Demasiado parecido o otros diseños contemporaneos de Pininfarina.
El rupturismo de líneas lo llevó parecer una imitación de un RR. Como esos Chrysler que querían parecer Mercedez Benz con grillas copiadas y hasta una estrella pero de cinco puntas.
Los pasarruedas rectangulares son una patada a la identidad de la marca, claro que están en línea con la cuadratura general del auto y era lo que se usaba en esa época en que hasta el instrumental de los Alfa Romeo era cuadrado.
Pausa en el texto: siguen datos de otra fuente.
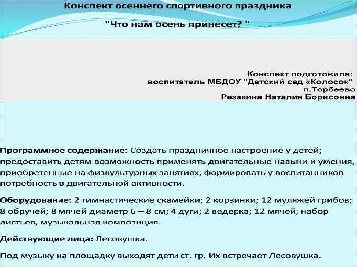 Портфолио Резакиной Наталии Борисовны воспитателя МБДОУ «Колосок» Торбеевского муниципального района
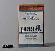 Abstract: Stehbodensack mit Cellophan: brauner 2-lagiger Blockbodenbeutel mit zwei Seitenfalten und einem festen Bodenblatt, bestehend aus braunem, ungebleichtem Kraftpapier und Cellophan (Polypropylen, transparent) für Kräutermischungen. Befüllt mit Prostatatee. Zwischen den beiden Lagen des Säckchens: auf der Vorderseite eingeschobenes Etikett mit Produktnamen, Verwendung, sowie Logo der Peer-Apotheken Brixen und Lana, auf der Rückseite Einschub mit Zusammensetzung, Gebrauchsanleitung und Warnhinweisen. Mündung gefalzt und verschlossen mit einem ca 11 cm langen Verschlussstreifen aus weißem, mit Draht verstärktem Papier. Am Boden selbstklebendes Schild mit Herstellungsdatum, Chargennummer, Aufbrauchfrist, Preis und Barcode.
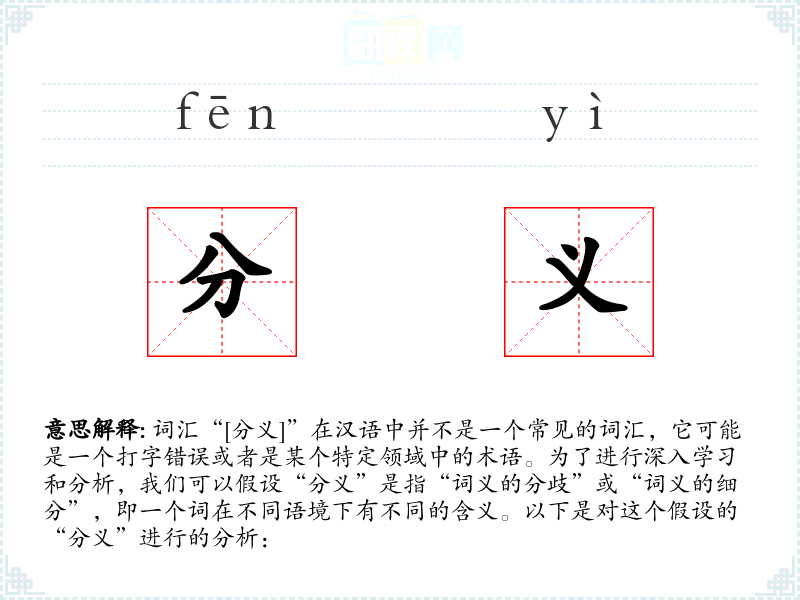 “分义”可以理解为词汇的多个含义或解释,即一个词在不同的语境中可能有不同的意义。
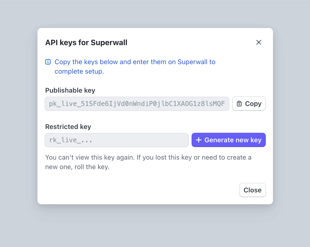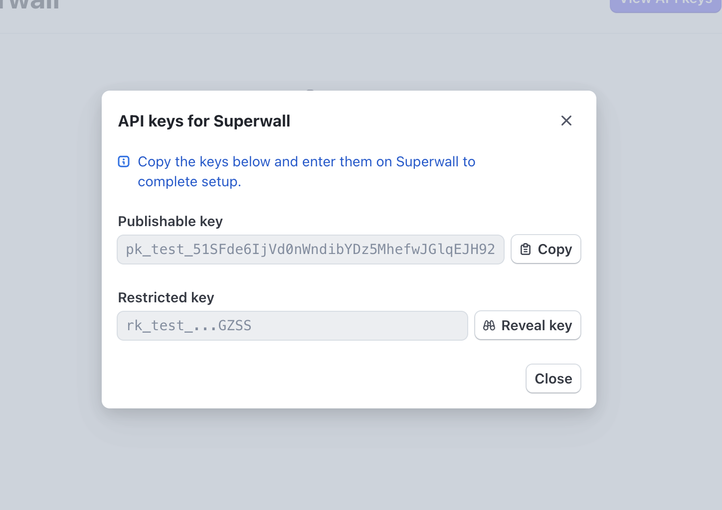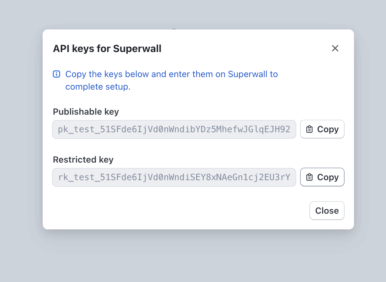 Paste the keys into the corresponding fields in Superwall:
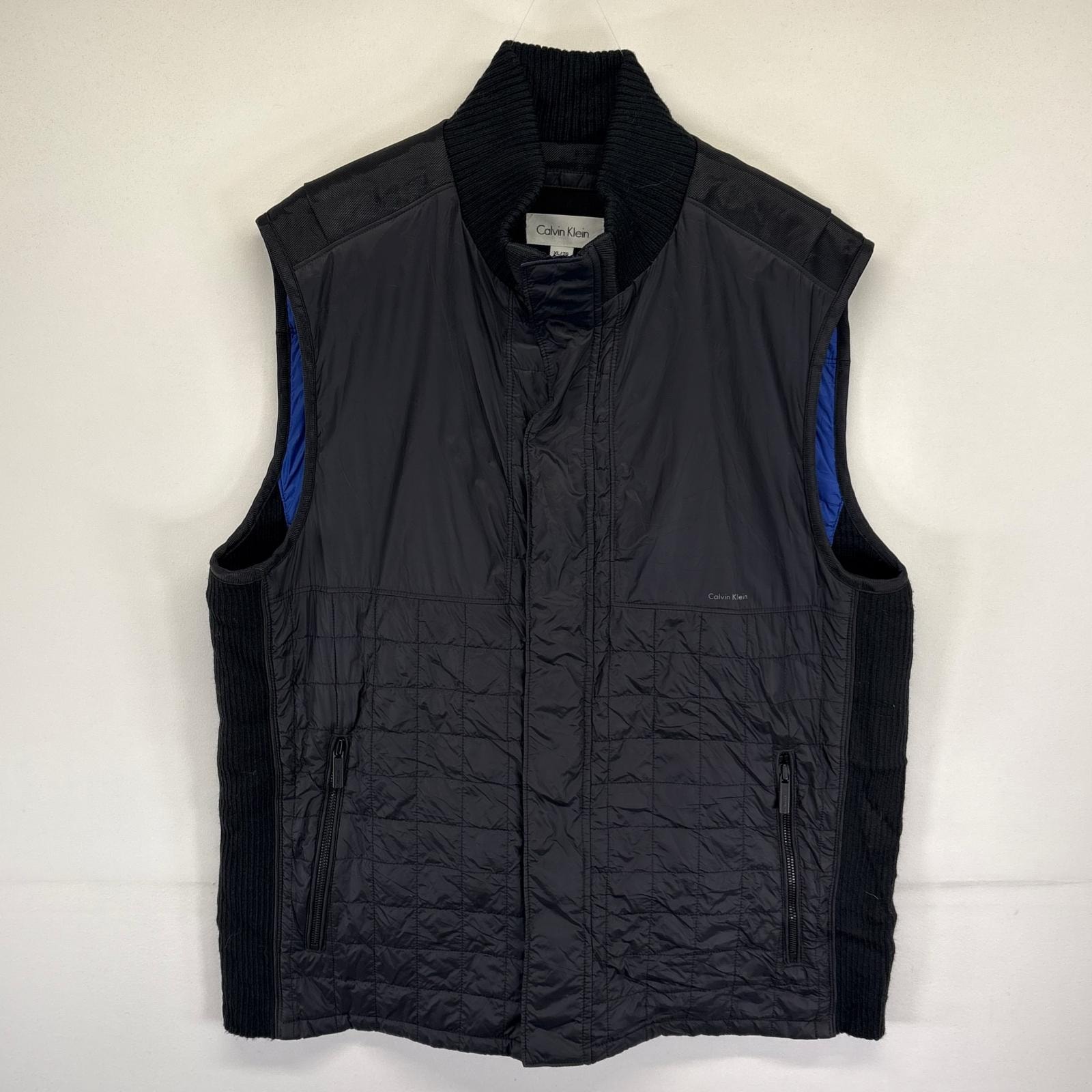 古着 カルバンクライン Calvin Klein ベスト 中綿 フルジップ ワンポイントロゴ 大きいサイズ XL ブラック メンズ
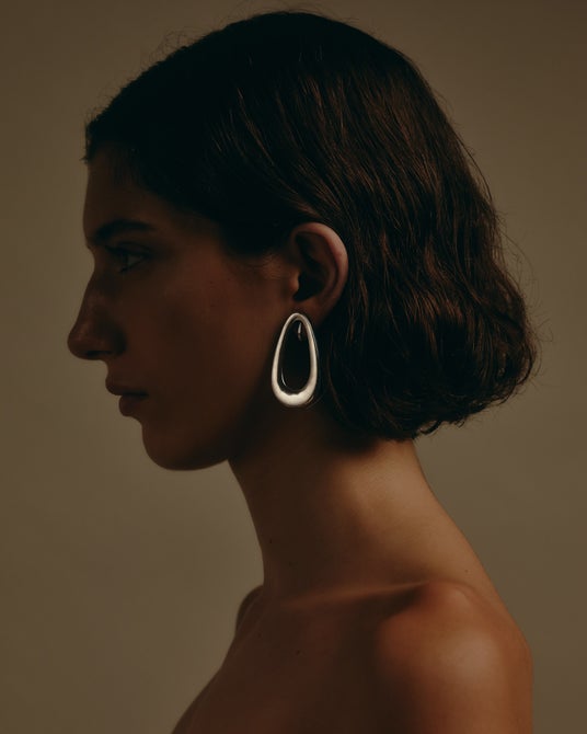 シルバーの静けさとモチーフの有機性が同居し、アーティな空気を纏わせるピアス。

Aires de época que le dicen.
Hay que reconocer que comercialmente fue positivo porque en su ciclo comercial se vendió bien…el Corniche.
Por primera vez, creo, no estoy de acuerdo con el amigo Güilbeis.
El Camargue es el mas disruptivo de los Rolls Royce, «desviejandolo» de decadas de clasica vetustez y clasisismo de templo griego.
Un gol de Paolo Martin, designer de una de las coupes mas lindas de la historia, el magnifico Fiat 130 Coupè Pininfarina, y de uno de los concepts mas locos de la historia (y van dos…): Ferrari 512 Modulo,
Sin duda que fue disruptivo pero, en mi opinión, eso es positivo en la medida en que resulte en algo mejor.
No puedo dejar de pensar que luce como un Cadillac con grilla de Rolls Royce.
La coupe 130 es uno de los que decía que son similares de Pininfarina y me parece mucho más logrado e identificado con la marca.
Olvidé mencionar da la sensación de un auto gordo. Tiene el tren trasero muy adelante y la falta trocha o le sobra ancho de carrocería.